Please allow me to share with you the meditation techniques I have used to help with chronic pain and generalized anxiety and panic disorder. This shit works.
Beginner
Once or twice a day, check in with your self with a guided meditation. A short five minute video can help you practice and get in the practice of entering a meditative state. You will feel benefits pretty immediately.
You will probably only need to listen to a video or guided meditation a few times before you basically have it memorized and your body is learning the muscle memory of the exercise. I like videos because I know how much time I am putting into my practice.
A Focus On Pain
After you are in a meditative state, you can find the pain in your body. Visualize the pain. Give it a size, shape, texture, and volume.
Now focus on the rest of your body, or specifically something that is not in pain. I usually wiggle my toes or thumbs to connect more firmly to this larger, non-pain body. My non-pain body surrounds and envelops my pain.
Shift your focus back to your pain and experience it as long as you can handle without getting overwhelmed. Then focus back on your fingers or toes. Switching your focus like this plays into somatic theories of pendulation and titration.

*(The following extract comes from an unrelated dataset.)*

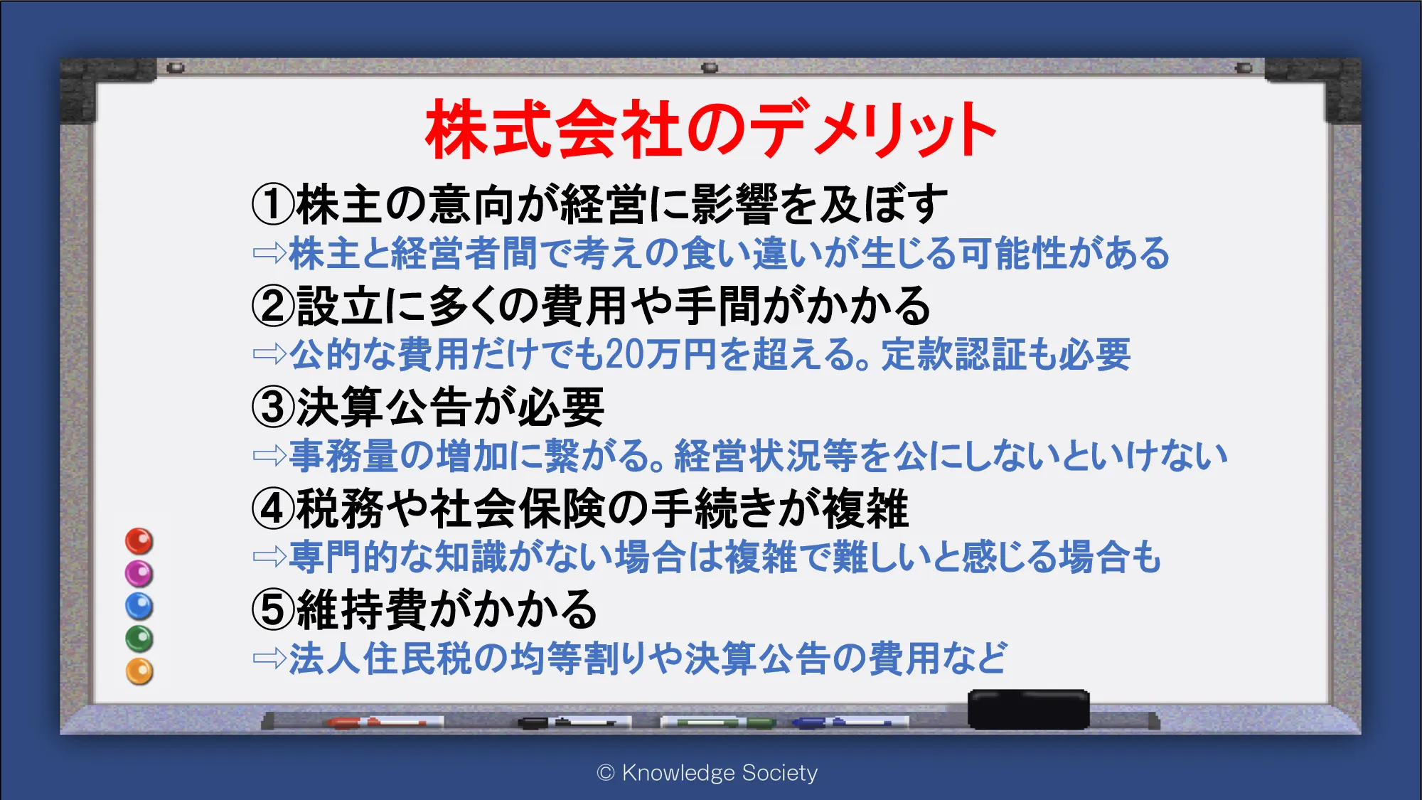 シェアオフィス・バーチャルオフィス@東京都千代田区|ナレッジソサエティ > 株式会社のデメリット

Like a pendulum, you are passing back and forth between a manageable and an unmanageable sensation. This helps you break up feelings of being out of control with feelings of comfort control and normalcy.
Titration is about slowly increasing your tolerance to unmanageable sensations. We start slow, and just dip our toe in. Eventually that sensation becomes manageable, and we can lean further into experiencing this unmanageable sensation.
Blur the Edges of Acute Pain
Once I have located and visualized the pain in my body, and I have felt the non-pain body around and containing my pain, I spread out my non-pain body to allow the pain more room.
I relax the boundary or the edges of my acute pain by visualizing the shape of my pain getting blurry. The pain is blurring into my non-pain body. As it spreads, it may feel less acute or less restricted. Continue this visualization with deep breath, expanding your non-pain body as you breathe.